#### Problem details:
Copy only what lies from the line containing "Capture the essence" through the line containing "Breathable V-Neck Loose" in the entries below, keeping both end lines exact and dropping every picture.
Start of Records to use
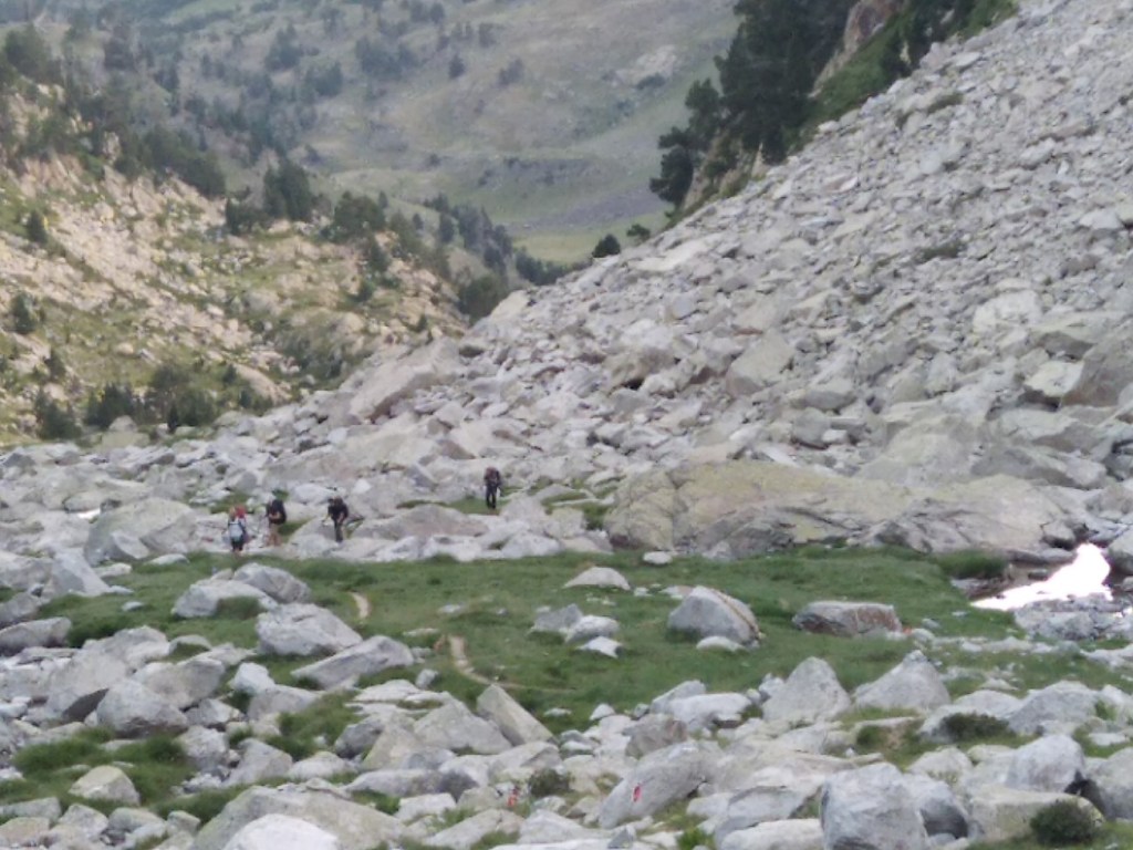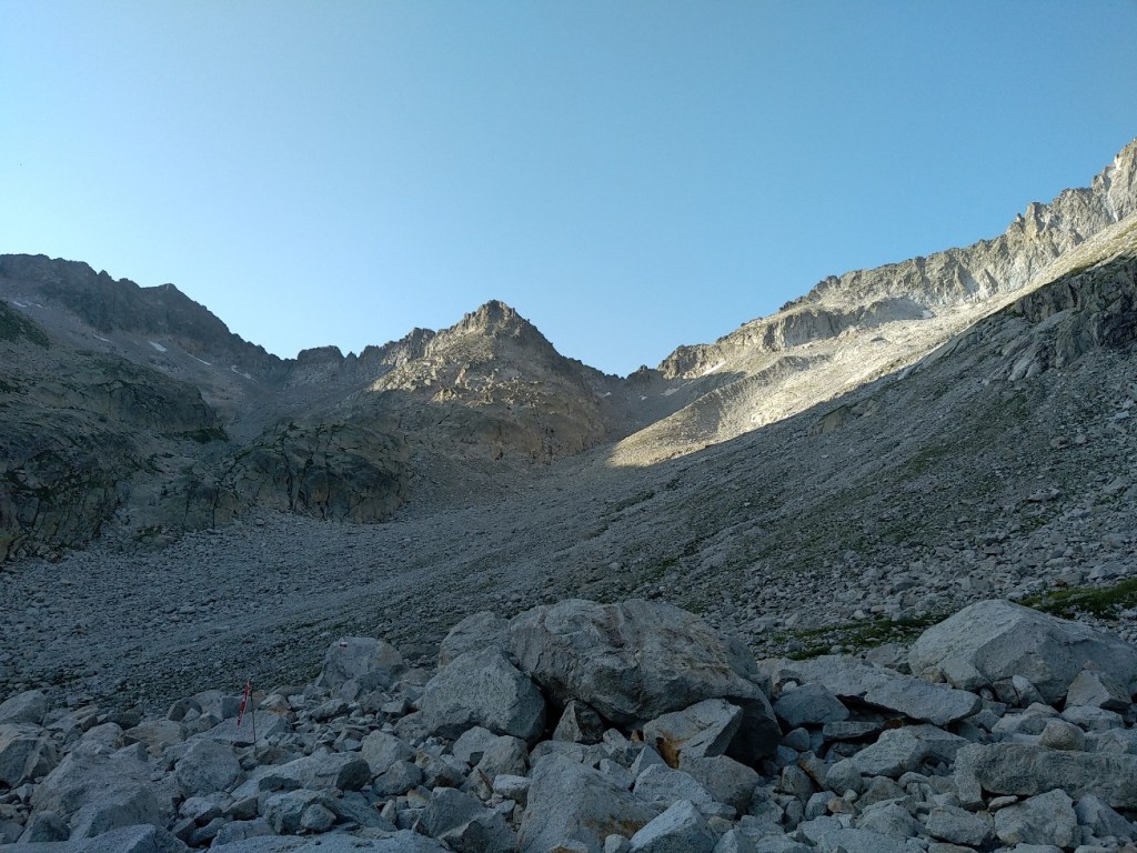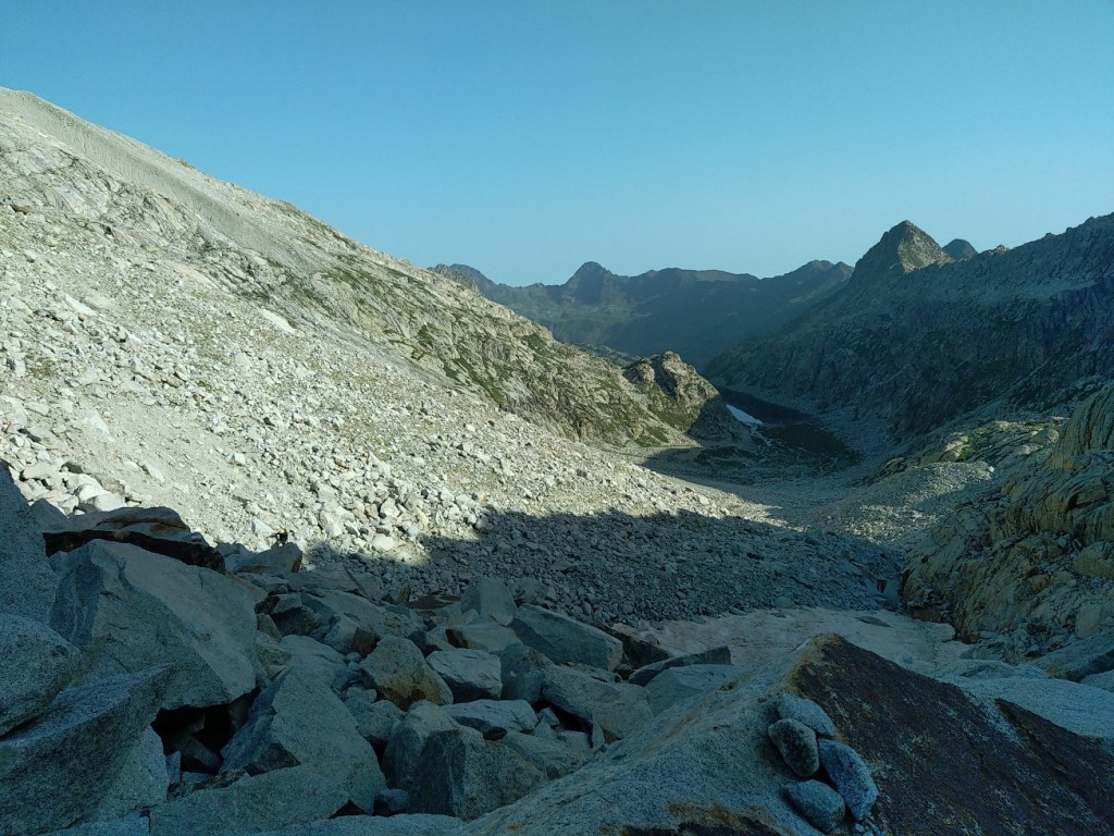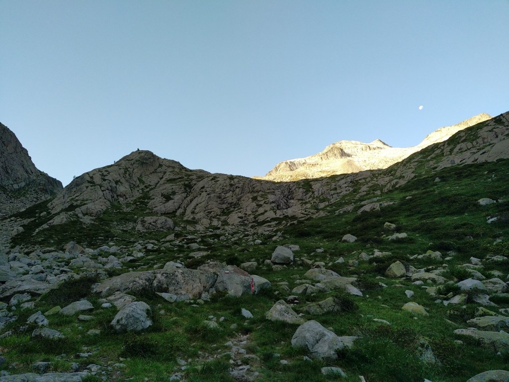 On commence une ascension qui va s’avérer très longue en temps malgré les 5 km à effectuer. Laurent a élaboré la rando sur carte et dénivelé mais le rendu sur le terrain va s’avérer d’une toute autre teneur… Alors c’est parti pour l’ascension du col de Ballenque en empruntant une variante du GR11-5. On part de 2000 mètres pour aller à 2800 mètres. Dès le départ il n’y a pas vraiment de chemin, juste des marques du GR de temps en temps. Bon, on se dit que c’est juste le début de la section, mais c’est finalement toute la journée qui va être comme ça. Ca débute avec une ascension pas trop violente mais principalement faite de blocs rocheux. Le soleil se lève doucement et nous allons rester à l’ombre une bonne partie de la matinée sous le massif de l’ Aneto. A mi-chemin on arrive sur un premier col qui va nous faire basculer dans une vallée glaciaire. Débute alors une longue ascension dans d’énormes blocs rocheux qu’il faut escalader. Le col se dessine tout en haut et il nous faudra 3 heures et demi pour venir à bout des 5 kilomètres. La fin devient assez impressionnante, raide et l’on doit grimper avec les mains pour se hisser jusqu’à ce col étroit.
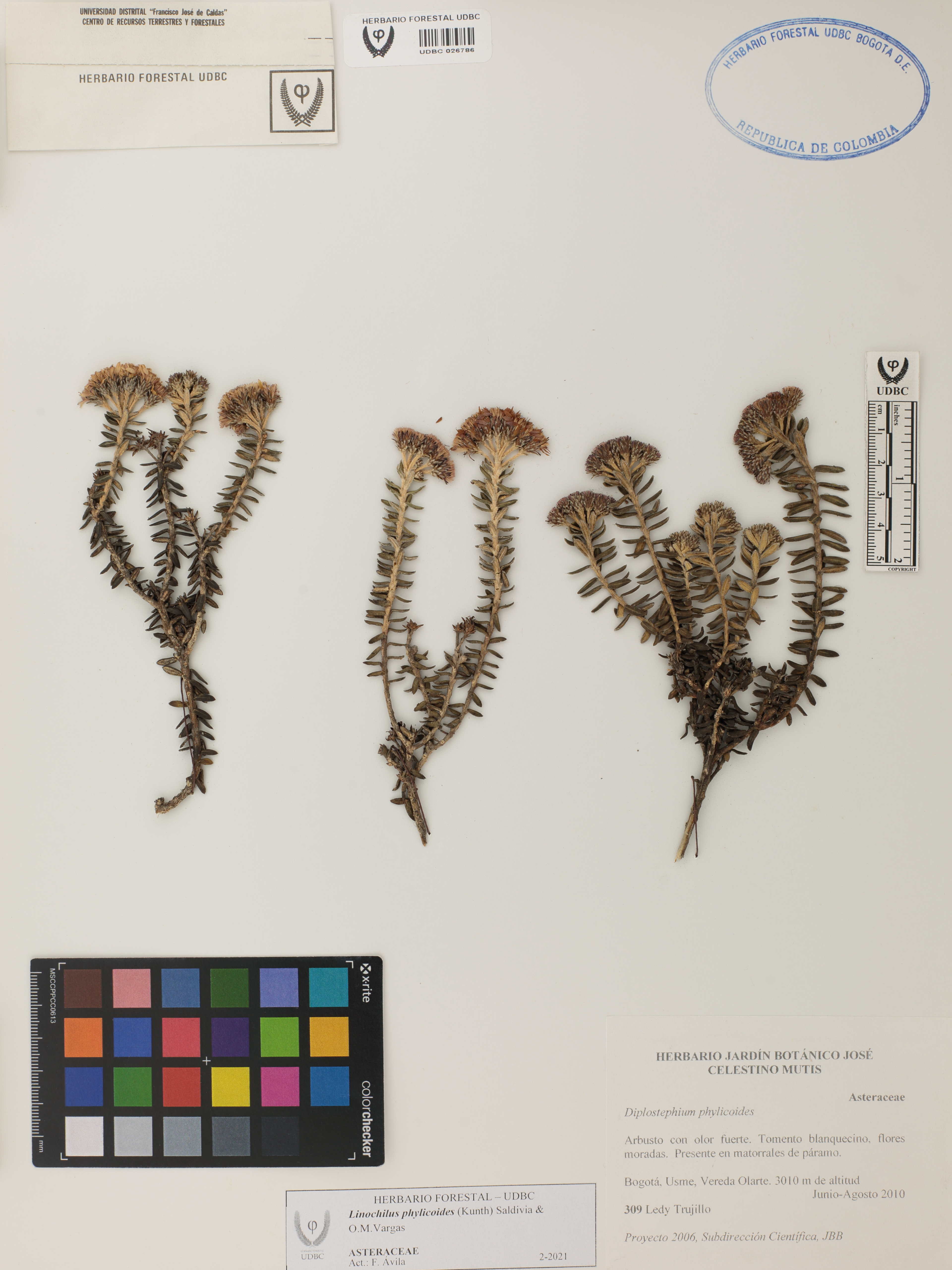 Fotografía del ejemplar Trujillo, L. 309, determinado como Linochilus phylicoides
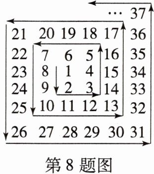 8. (2023·聊城中考)如图,图中数字是从$1$开始按箭头方向排列的有序数阵。从$3$开始,把位于同一列且在拐角处的两个数字提取出来组成有序数对:$(3,5)$,$(7,10)$,$(13,17)$,$(21,26)$,$(31,37)$,…,如果单独把每个数对中的第一个或第二个数字按顺序排列起来研究,就会发现其中的规律。请写出第$n$个数对:______。
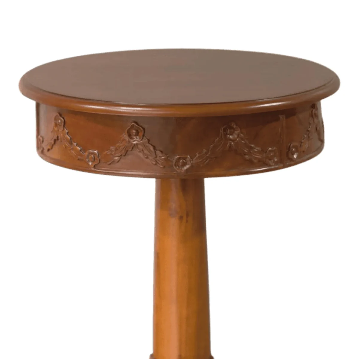Capture the essence of classical craftsmanship with this exquisite round pedestal table featuring deep relief floral carvings around the perimeter The rich warm wood tones are brought to life through a multi-step polishing process that reveals the natural beauty of the grain Supported by a stout central pillar and a unique tri-point base with bun feet this table offers both exceptional stability and artistic flair Ideal for use as a grand entryway focal point or an intimate breakfast nook addition it brings a sense of history and permanence to the home
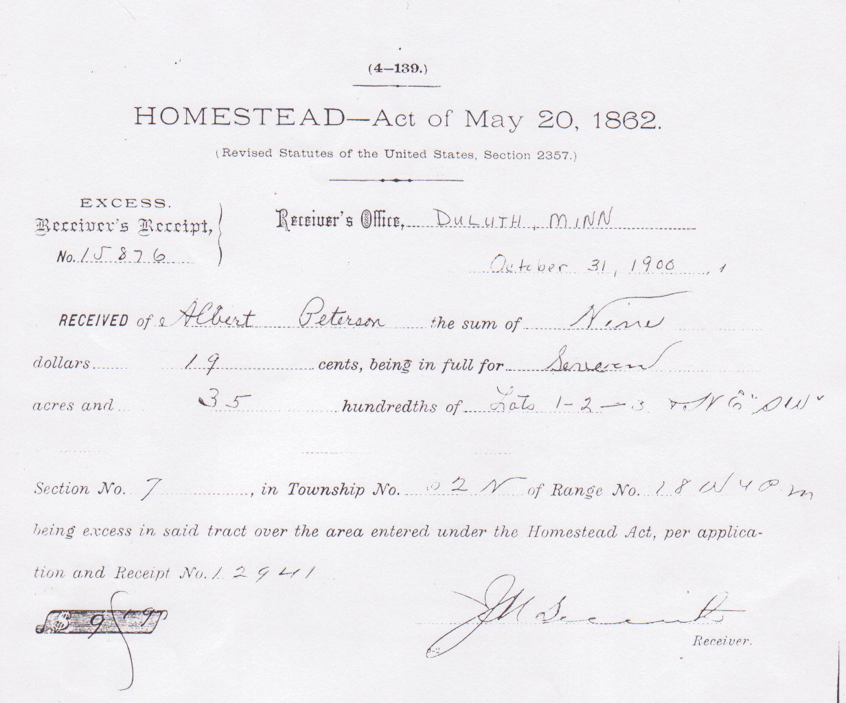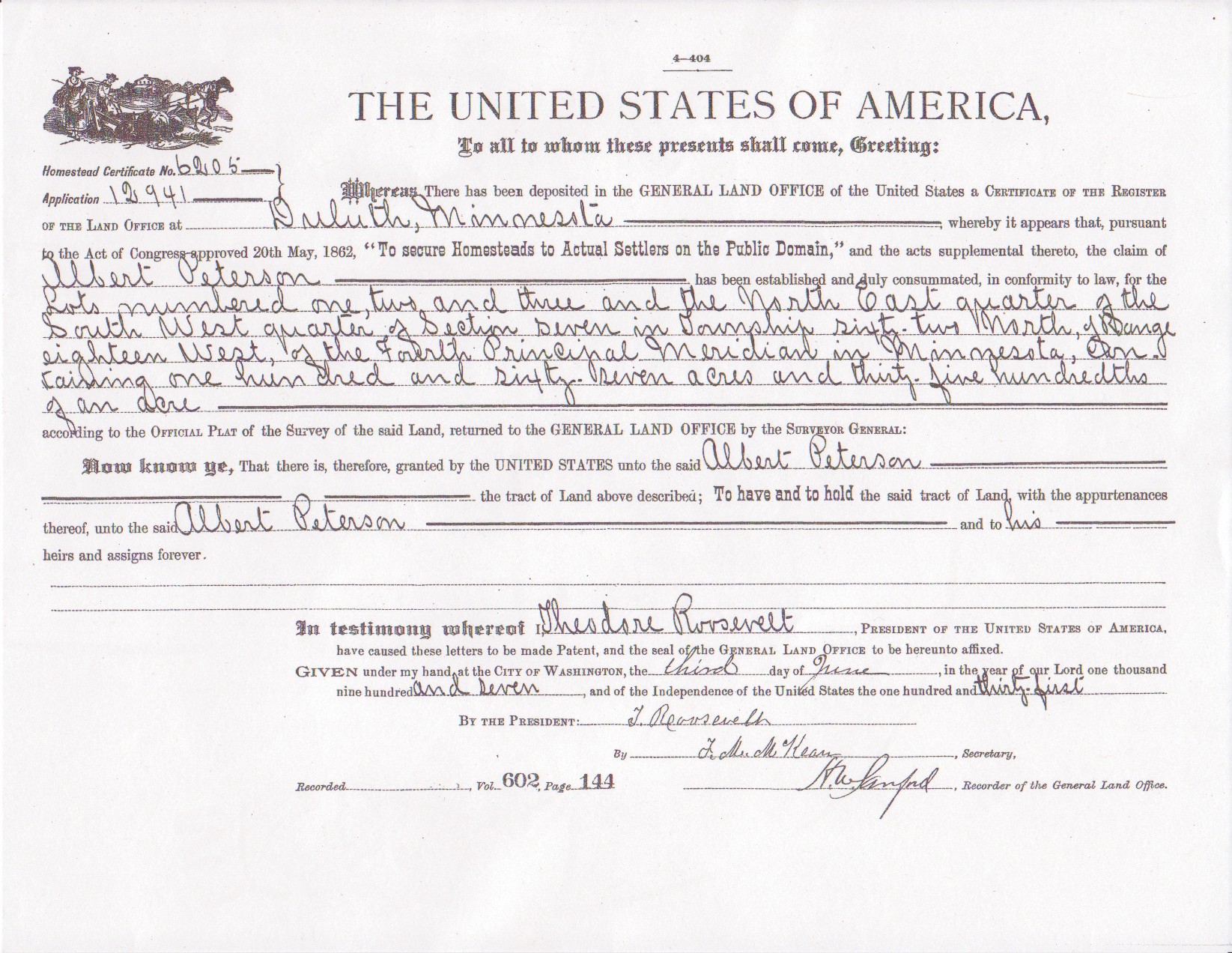 I don’t know if this was really signed by Teddy Roosevelt or by one of his minions, but I like to think he held this piece of paper and signed his name to it. After 7 years of hard labor, (and $9.19) it was theirs. By then he and Great Grandma Augusta had been married 5 years.
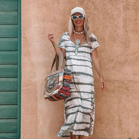 Breathable V-Neck Loose Long Dress(Free Shipping)
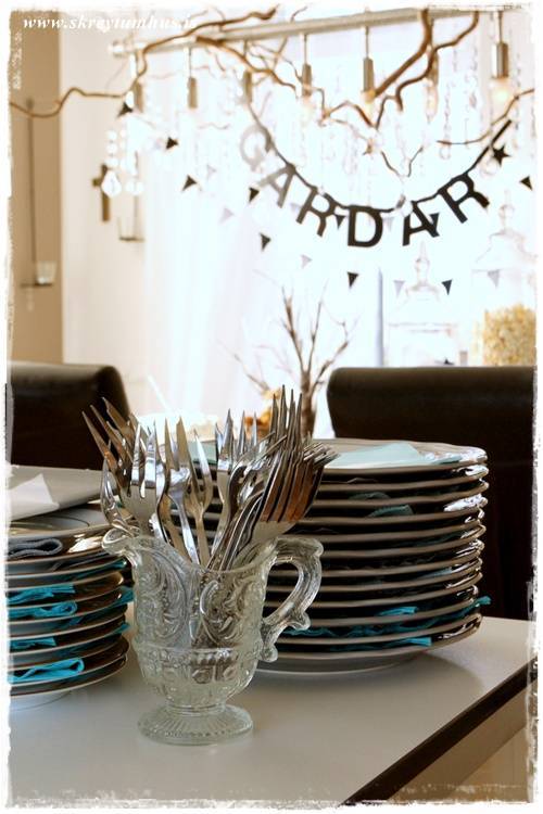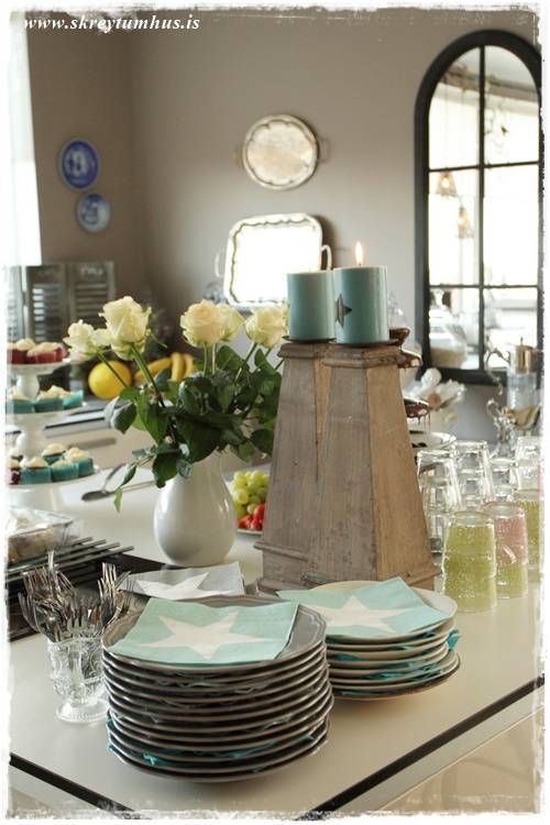 …að nota lítið glas eða könnu, eins og hér, er skemmtileg leið til þess að stilla upp göflum. Þessa litlu keypti ég í Rekstrarvörum fyrir skírn dóttur okkar, sem sé 2006 og þeir hafa verið endalaust notaðir síðan. Frábær fjárfesting fyrir þá sem eru svo heppnir að eiga svona stórfjölskyldur sem koma í veislur – held að ég hafi keypt 50 stk, enda eru það milli 40-50 manns sem mæta í afmæli hjá okkur…
End of Records to use
#### Solution below:
Capture the essence of classical craftsmanship with this exquisite round pedestal table featuring deep relief floral carvings around the perimeter The rich warm wood tones are brought to life through a multi-step polishing process that reveals the natural beauty of the grain Supported by a stout central pillar and a unique tri-point base with bun feet this table offers both exceptional stability and artistic flair Ideal for use as a grand entryway focal point or an intimate breakfast nook addition it brings a sense of history and permanence to the home
 I don’t know if this was really signed by Teddy Roosevelt or by one of his minions, but I like to think he held this piece of paper and signed his name to it. After 7 years of hard labor, (and $9.19) it was theirs. By then he and Great Grandma Augusta had been married 5 years.
 Breathable V-Neck Loose Long Dress(Free Shipping)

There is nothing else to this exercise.